HOW TO COMPLETE THIS TASK |
The entries below are to be restated exactly, and their images are to be omitted.

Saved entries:
===

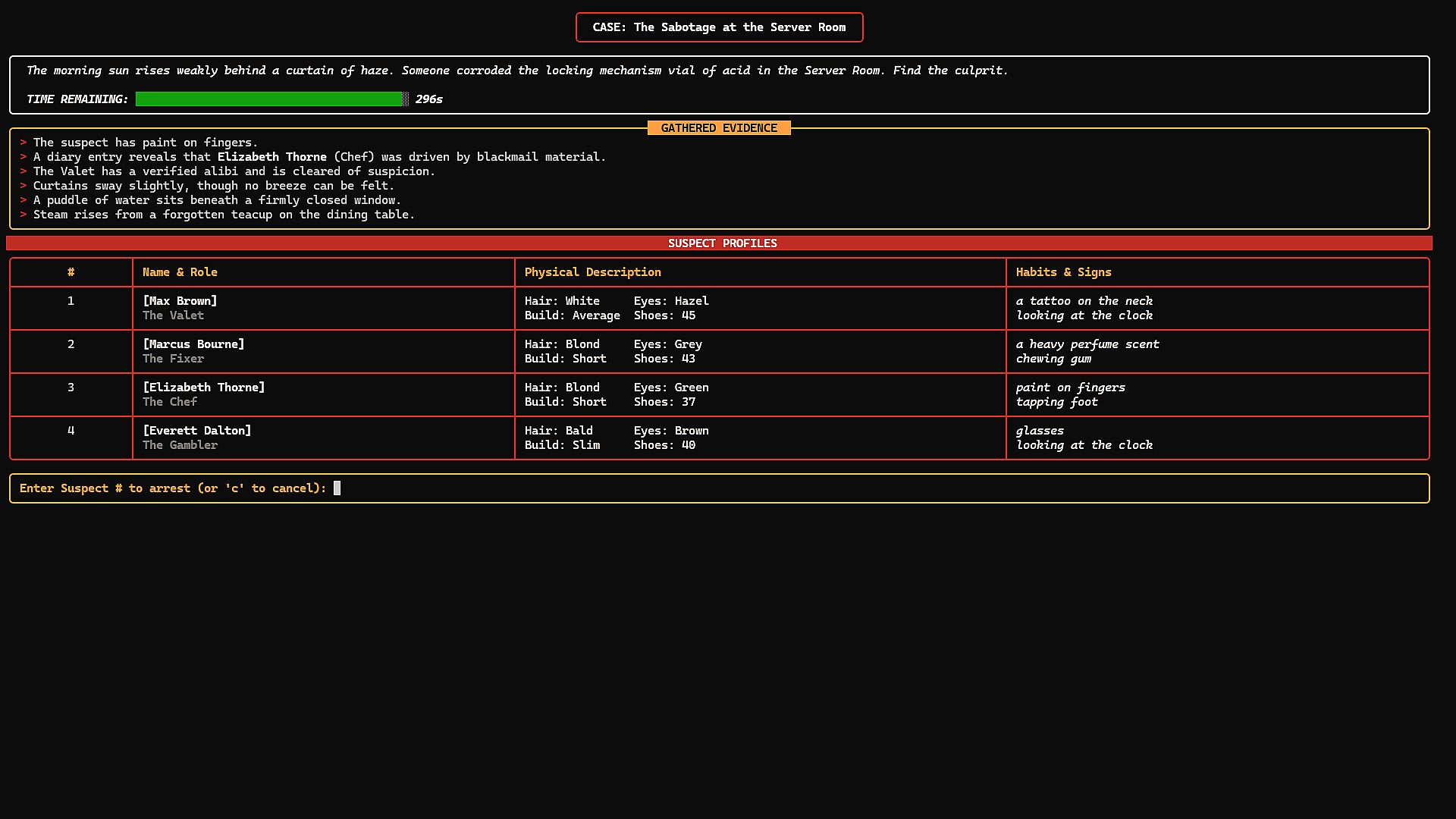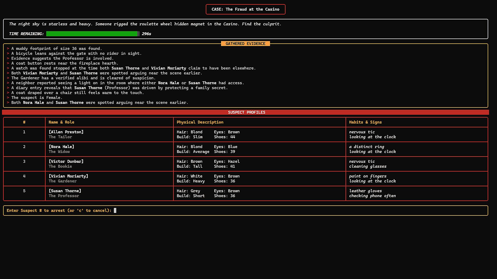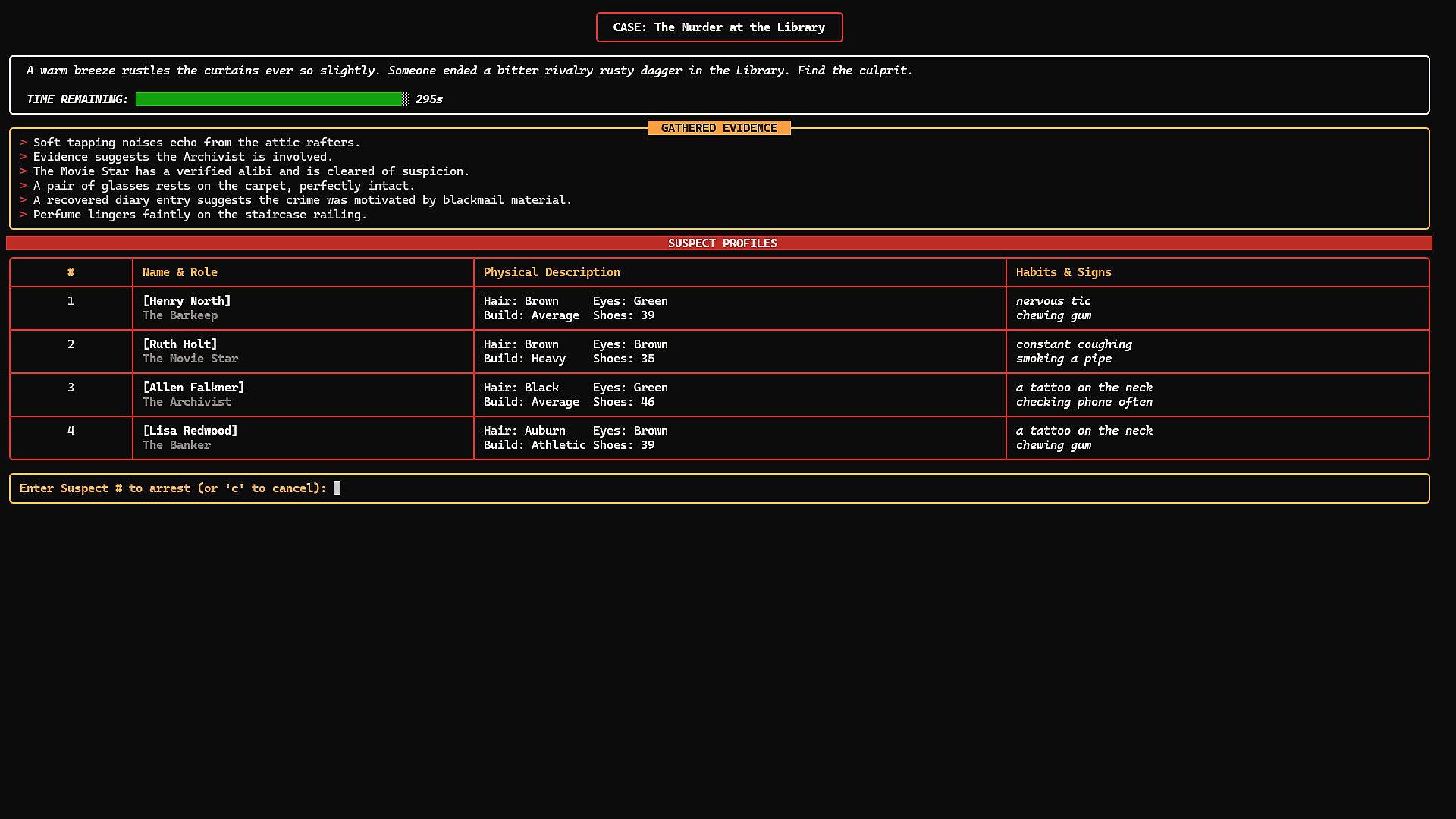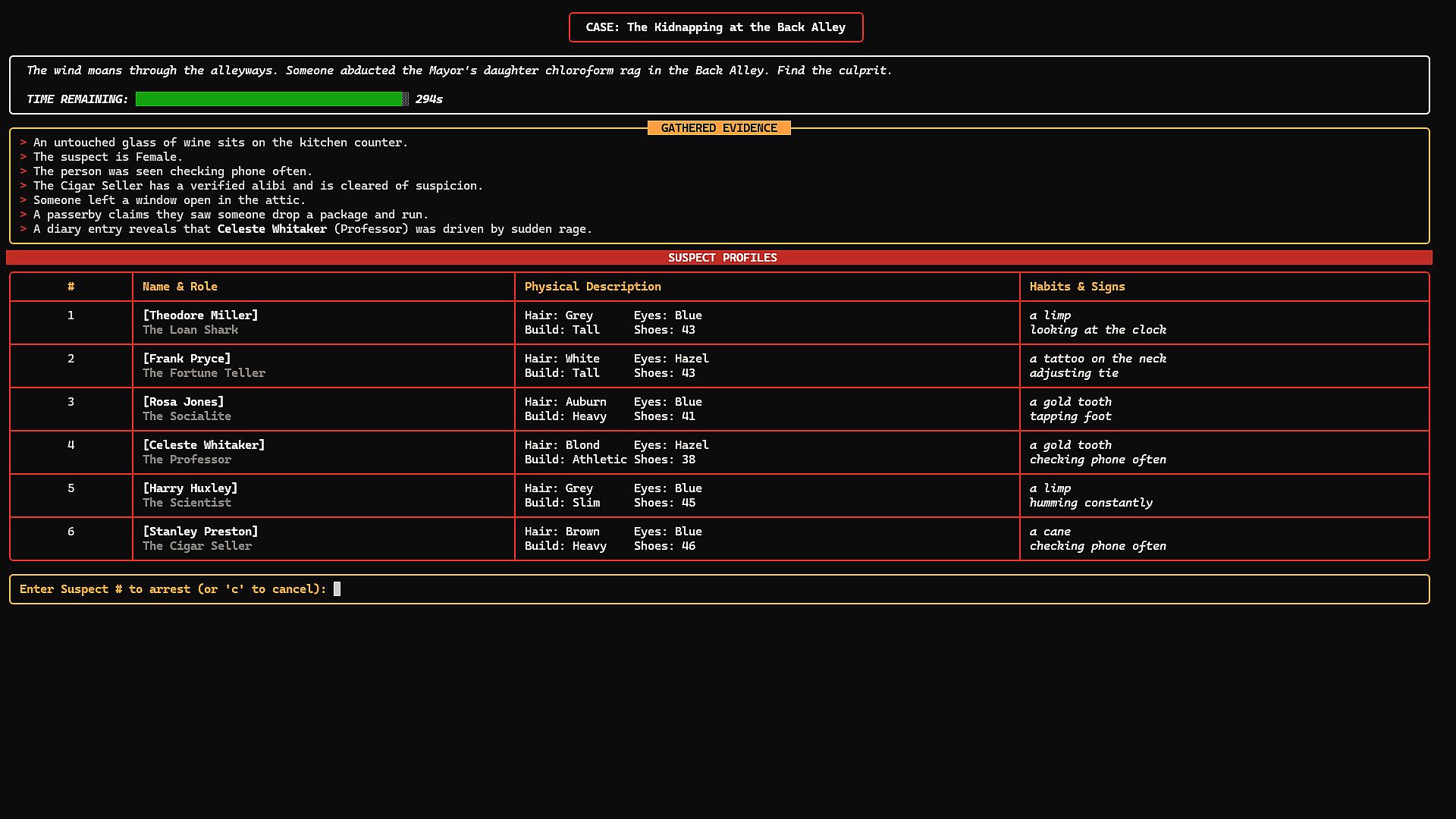 • 🕯️ Atmospheric Noir Style: An immersive text-based interface with a retro color palette and dynamic weather descriptions, designed to evoke the mood of a detective’s personal terminal.
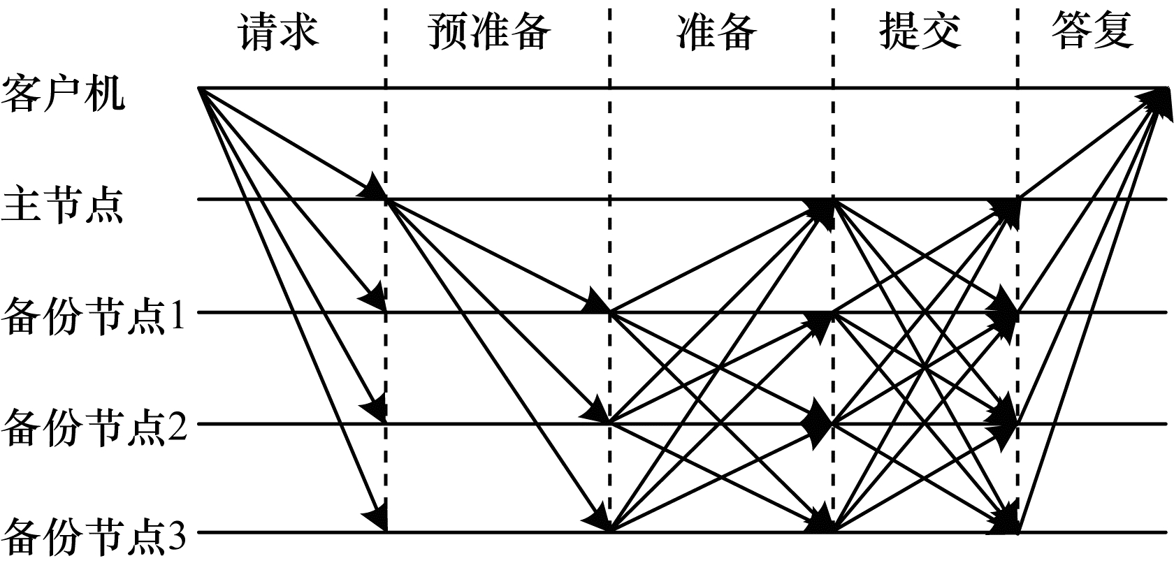 5) 答复。备份节点接收到法定数量的提交消息后执行请求操作, 并向客户端发送答复消息。客户端若收到f+1个不同备份节点的正确答复时, 则认为请求得到执行。
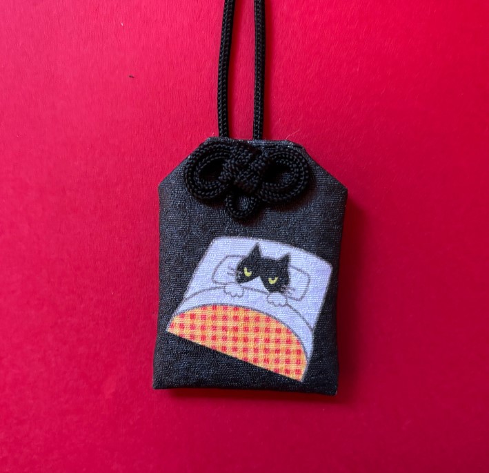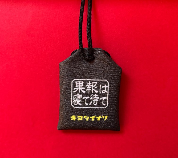 以八字花臉黑貓為圖案,搭配日本諺語「果報は寝て待て」(耐心等待,好運自來),寓意放鬆心情,好運自然降臨,是非常療癒的御守。
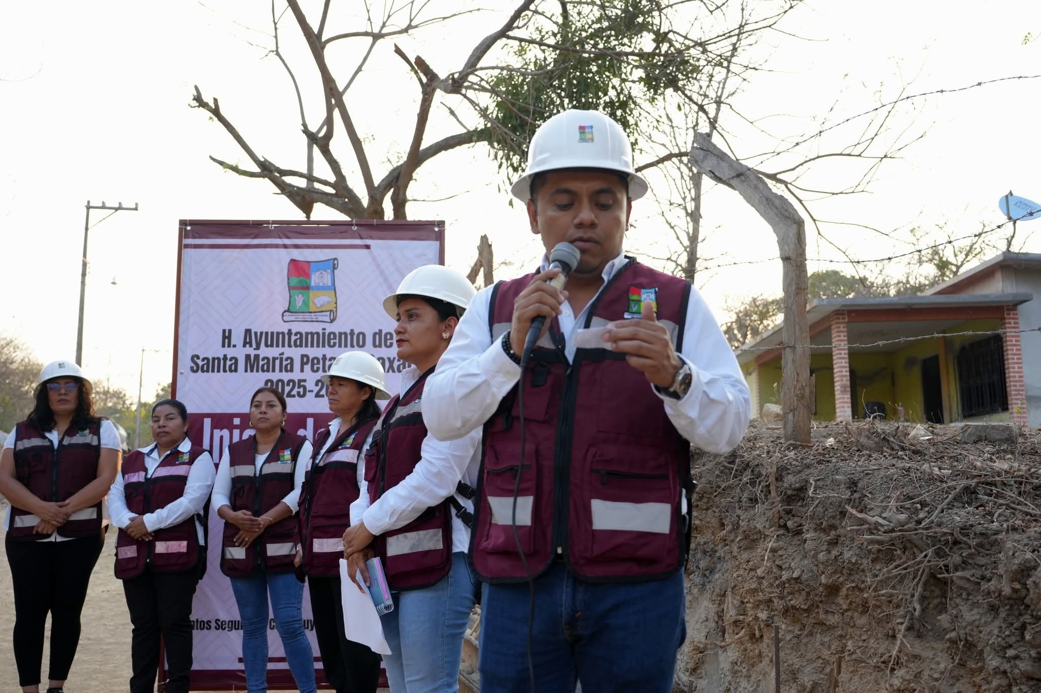 SANTA MARÍA PETAPA.- El Lic. Tereso Martinez Garcia, Presidente Municipal de Santa María Petapa, acompañado de los regidores, agentes municipales, realiza el banderazo de inicio de obra: «Construcción de pavimento con concreto hidráulico de la calle principal en la comunidad de El Paraíso. “Esta obra de pavimento hidráulico consiste en la construcción de una superficie de rodamiento de la calle principal en la comunidad de El Paraíso, que se edificará con un material que endurece al entrar en contacto con el agua, a diferencia del asfalto que es derivado del…
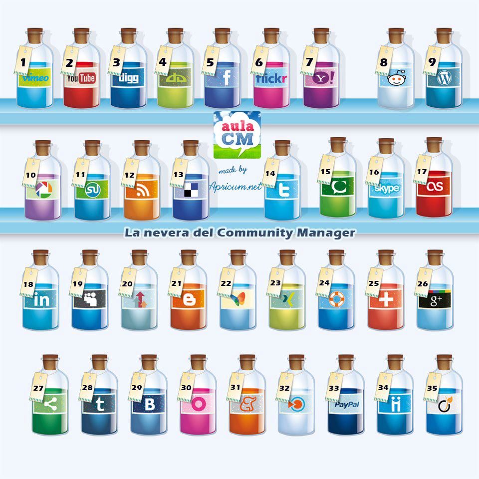 • En la #clase2 la práctica la puso la Nevera del Community Manager. Se trataba de identificar 35 logotipos con la herramienta o la red social a la que pertenecían. En este caso, para participar había que tuitear a través de nuestra cuenta, mencionando la de @aulacm, y publicando la relación de los números de cada dibujo junto al nombre de la marca a la que representaban (ver imagen superior).

===

SOLUTION FOR THIS TASK |
 • 🕯️ Atmospheric Noir Style: An immersive text-based interface with a retro color palette and dynamic weather descriptions, designed to evoke the mood of a detective’s personal terminal.
 5) 答复。备份节点接收到法定数量的提交消息后执行请求操作, 并向客户端发送答复消息。客户端若收到f+1个不同备份节点的正确答复时, 则认为请求得到执行。
 以八字花臉黑貓為圖案,搭配日本諺語「果報は寝て待て」(耐心等待,好運自來),寓意放鬆心情,好運自然降臨,是非常療癒的御守。
 SANTA MARÍA PETAPA.- El Lic. Tereso Martinez Garcia, Presidente Municipal de Santa María Petapa, acompañado de los regidores, agentes municipales, realiza el banderazo de inicio de obra: «Construcción de pavimento con concreto hidráulico de la calle principal en la comunidad de El Paraíso. “Esta obra de pavimento hidráulico consiste en la construcción de una superficie de rodamiento de la calle principal en la comunidad de El Paraíso, que se edificará con un material que endurece al entrar en contacto con el agua, a diferencia del asfalto que es derivado del…
 • En la #clase2 la práctica la puso la Nevera del Community Manager. Se trataba de identificar 35 logotipos con la herramienta o la red social a la que pertenecían. En este caso, para participar había que tuitear a través de nuestra cuenta, mencionando la de @aulacm, y publicando la relación de los números de cada dibujo junto al nombre de la marca a la que representaban (ver imagen superior).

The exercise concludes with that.